Advancements in Software Testing with Large Language Models

The field of software testing is undergoing significant transformations with the integration of Large Language Models (LLMs). Recent developments indicate a shift towards leveraging LLMs for automated test generation, test refinement, and code analysis. Noteworthy advancements include the creation of novel benchmarks and frameworks that assess and improve the capabilities of LLMs in software testing. These innovations aim to address challenges such as test quality, coverage, and maintainability, ultimately enhancing the reliability and security of software systems. Notable papers in this area include FeatBench, which introduces a benchmark for evaluating coding agents on feature implementation, and JUnitGenie, a path-sensitive framework for unit test generation with LLMs.
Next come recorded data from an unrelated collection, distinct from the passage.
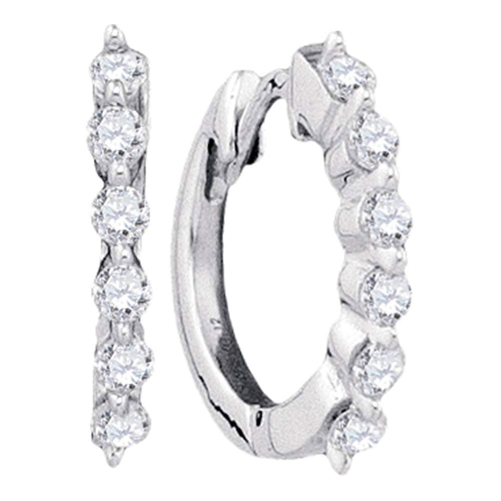 14kt White Gold Womens Round Pave-set Diamond Hoop Earrings 1/4 Cttw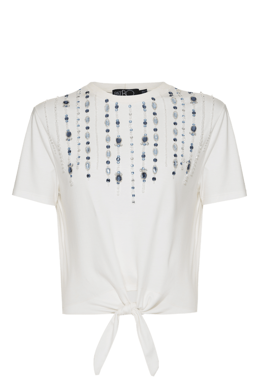 EsgotadoT-SHIRT BORDADA SWAROVSKI OFF WHITE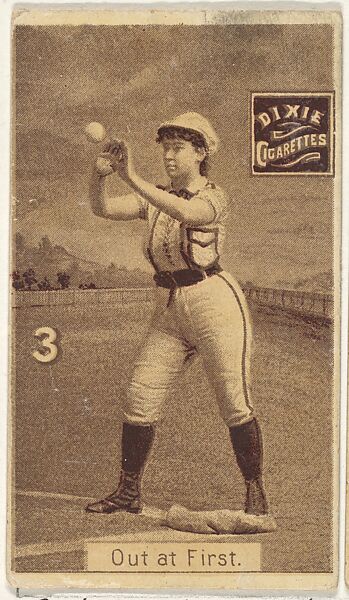 - Title: Card 3, Out at First, from the series "Women Baseball Players" (N508), issued by Pacholder Tobacco to promote Dixie Cigarettes
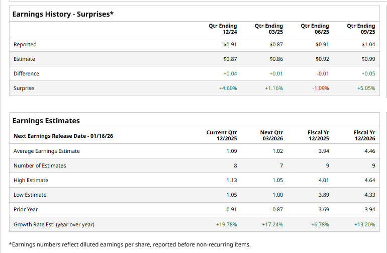 Before this event, analysts expect this bank to report a profit of $1.09 per share, up 19.8% from $0.91 per share in the year-ago quarter. The company has topped Wall Street’s earnings estimates in three of the last four quarters, while missing on another occasion. Its earnings of $1.04 per share in the previous quarter surpassed the consensus estimate by 5.1%.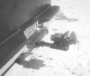 Quick-Detach Vise FARM SHOP Tools 29-3-36 Harold Fratzke recently called FARM SHOW to tell us about a nifty "quick-detach" vise mounting bracket that he came up with. It lets him mount a vise alongside his welding table - leaving a clear table top - or on back of a pickup in the receiver hitch.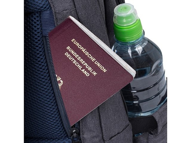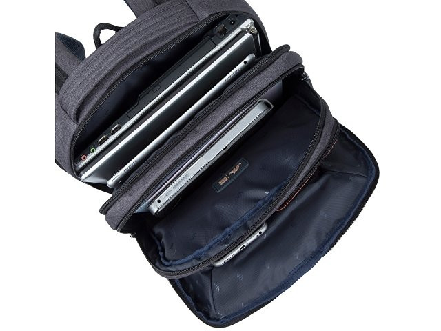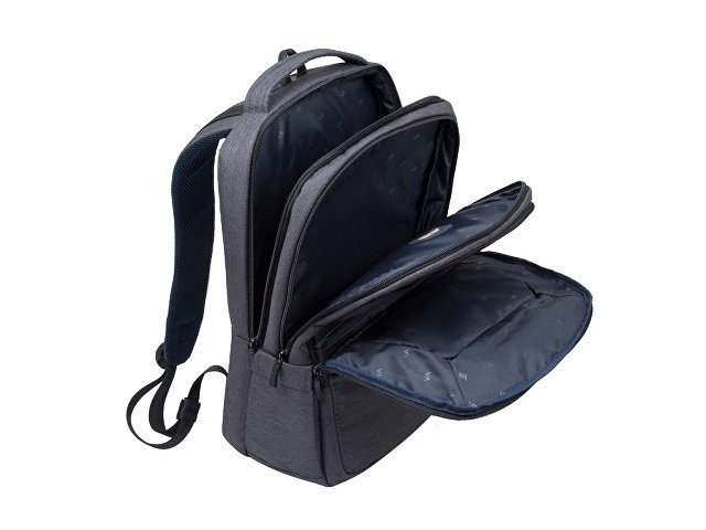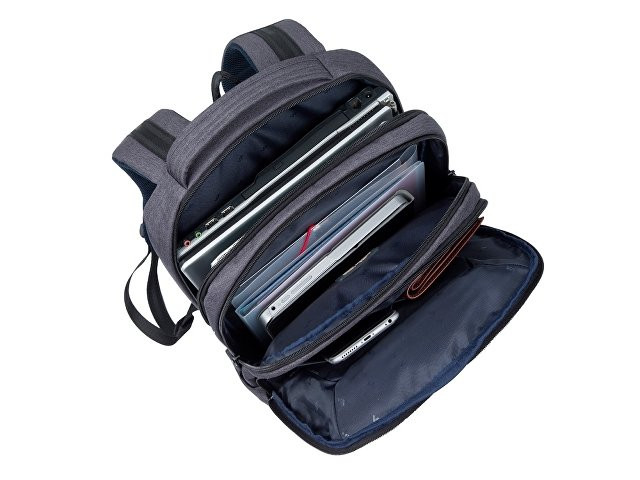Рюкзак для ноутбука до 16". Описание: • Рюкзак в спортивном стиле из высококачественной, водоотталкивающей ткани. • Легкий, но имеет утолщенные стенки для защиты ноутбука от случайных ударов и царапин, а также от пыли и влаги. • Основное отделение для ноутбука с вертикальной загрузкой имеет дополнительный внутренний карман для планшета до 10.1". • Внешнее переднее отделение на молнии для хранения аксессуаров, также оборудовано панелью-органайзером для хранения визитных карт, флэш-накопителей, смартфона. Также на передней панели карман на молнии для различных мелочей. • Дополнительное просторное отделение для хранения книг, документов, вещей необходимых в путешествии. • Два боковых кармана для ёмкостей с водой. • Двойная застежка молния для удобного доступа к устройству. • Удобная мягкая ручка для переноски и наплечные ремни со смягчающими подкладками помогут чувствовать себя комфортно в самом долгом путешествии. • На задней стенке имеется ремень крепления к багажной сумке и скрытый карман на молнии для паспорта, бумажника. • Специальная система крепления ремешков на липучке закрепляет их и создает дополнительное удобство.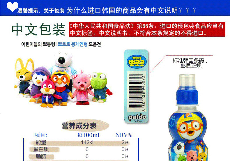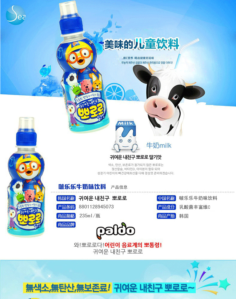 啵乐乐饮料牛奶味235ml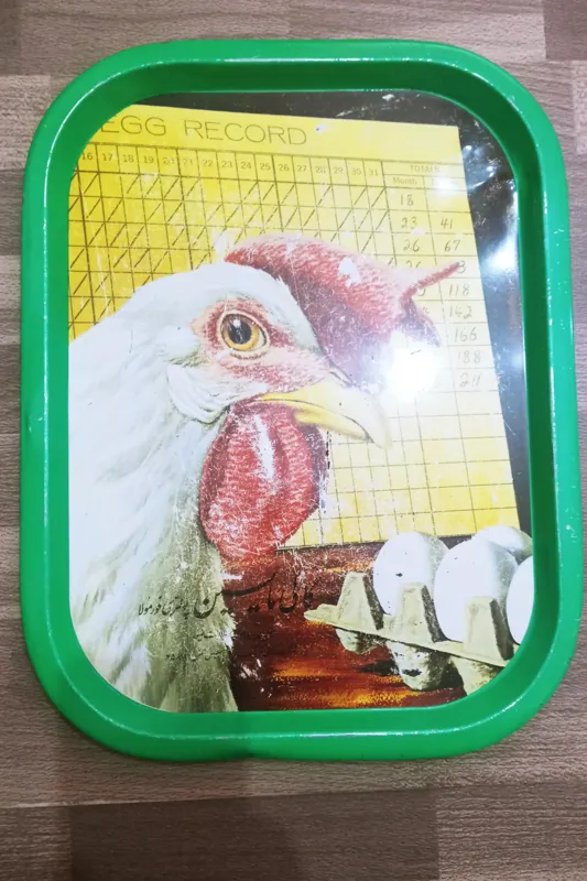 سینی فلزی قدیمی نقاشی دار تبلیغاتی به ابعاد 29×39 سانت.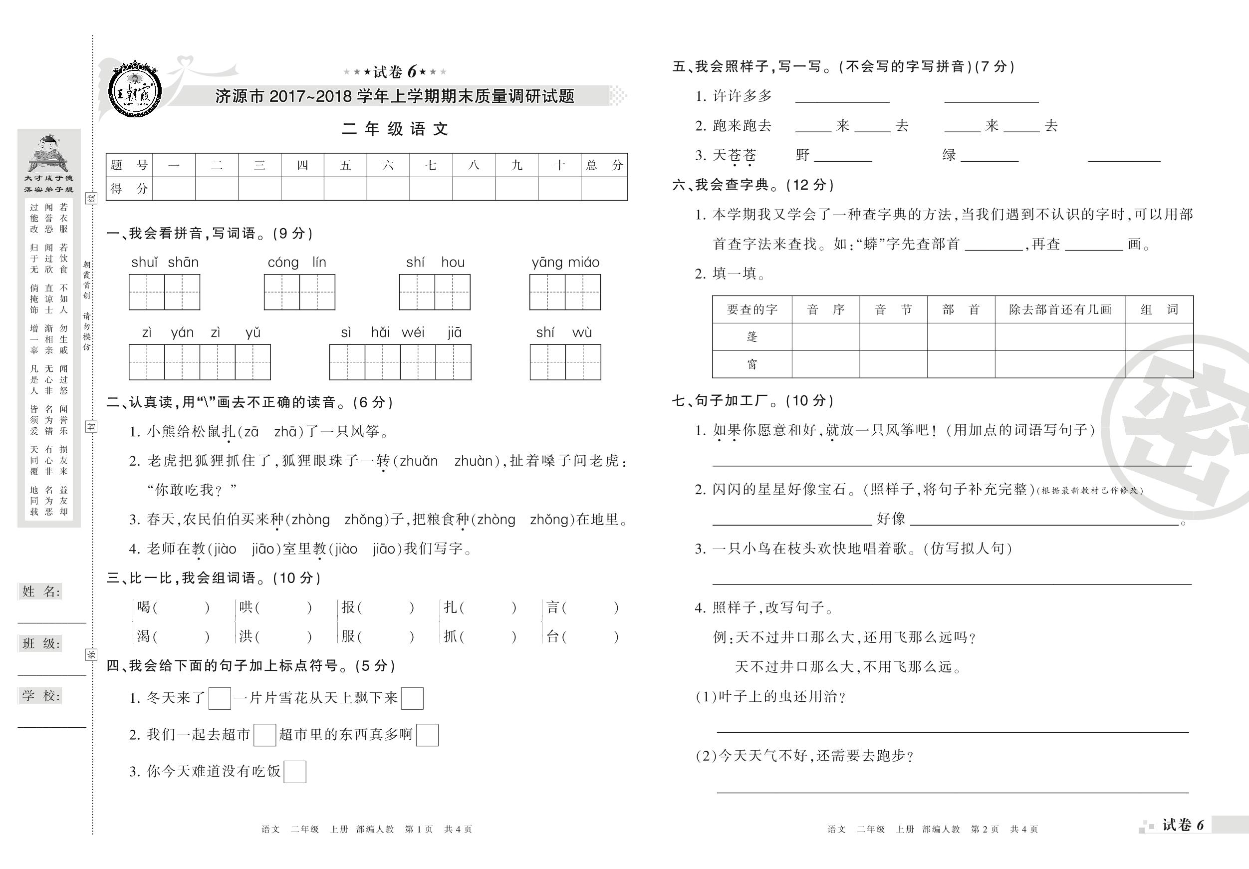 2017-2018学年第一学期济源市二年级语文试卷(人教版)【6】
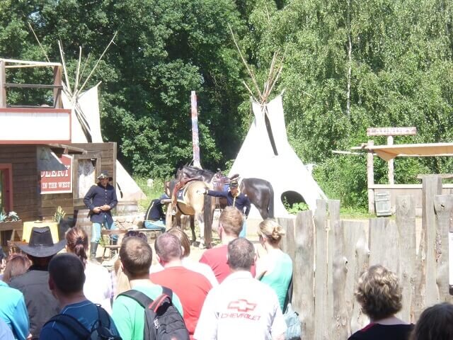 Nach einer aufregenden Stuntshow im Saloon setzten wir unsere Besichtigungstour durch die Westernstadt fort. Als wir im Indianerdorf angekommen waren, begrüßten uns mehrere Tiere.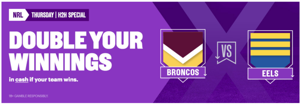 Online bookmaker BetEasy have an awesome Double Winnings Offer on selected NRL matches this week including the Brisbane Broncos vs Parramatta Eels game. Place a Head to Head bet on the selected NRL match this week and if your team win, we will double your winnings in cash*.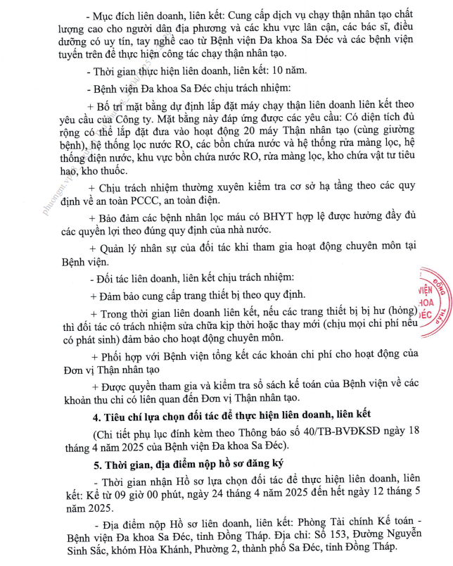 - Thông báo kết quả lựa chọn đối tác liên doanh, liên kết chạy thận nhân tạo tại Bệnh viện Đa khoa Sa Đéc, tỉnh Đồng Tháp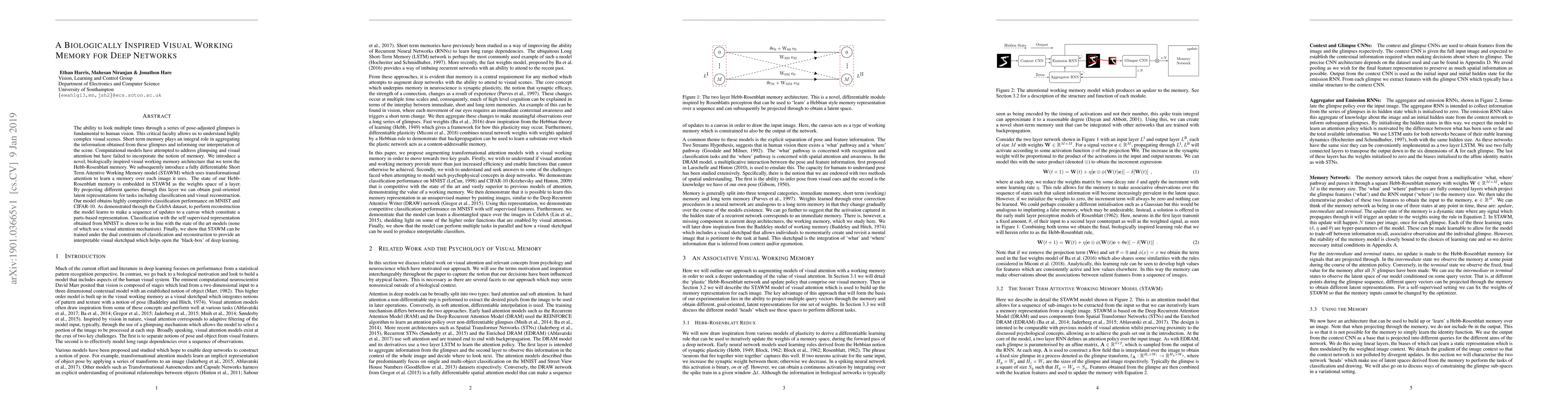 This paper introduces a biologically inspired visual working memory model called Hebb-Rosenblatt memory, embedded within a Short Term Attentive Working Memory (STAWM) model to enhance deep networks. The STAWM model uses transformational attention to learn memory over images, achieving competitive classification and reconstruction performance on MNIST, CIFAR-10, and CelebA datasets.
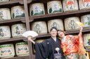 八坂庚申堂にて。色打掛は赤系を思い浮かべがちですが、黒だと新郎様と合わせたような雰囲気に。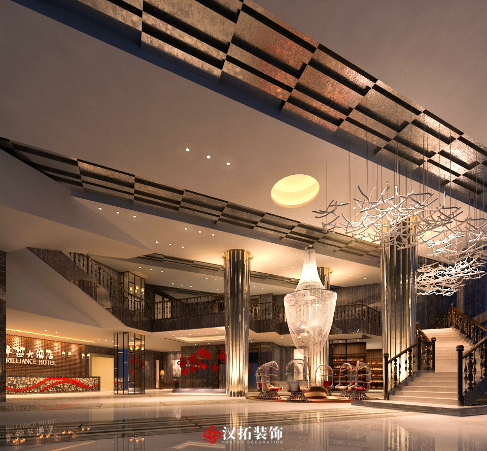 設(shè)計(jì)說明:項(xiàng)目預(yù)算:5700萬 以古典的氣息烘托出酒店的奢華氛圍,材質(zhì)多使用銀白龍,灰茶鏡,直紋墻紙,來打造功能全面的用餐空間

TENET is also significant, as it presents an LLM agent for generating functions under the Test-Driven Development setting, showcasing improved performance over existing baselines. Additionally, DiffTester accelerates unit test generation for diffusion LLMs, and RefFilter improves semantic conflict detection via refactoring-aware static analysis. These contributions underscore the potential of LLMs in revolutionizing software testing practices.

Sources

FeatBench: Evaluating Coding Agents on Feature Implementation for Vibe Coding

Navigating the Labyrinth: Path-Sensitive Unit Test Generation with Large Language Models

TENET: Leveraging Tests Beyond Validation for Code Generation

Unit Test Update through LLM-Driven Context Collection and Error-Type-Aware Refinement

DiffTester: Accelerating Unit Test Generation for Diffusion LLMs via Repetitive Pattern

Large Language Models for Software Testing: A Research Roadmap

Protocode: Prototype-Driven Interpretability for Code Generation in LLMs

Are Classical Clone Detectors Good Enough For the AI Era?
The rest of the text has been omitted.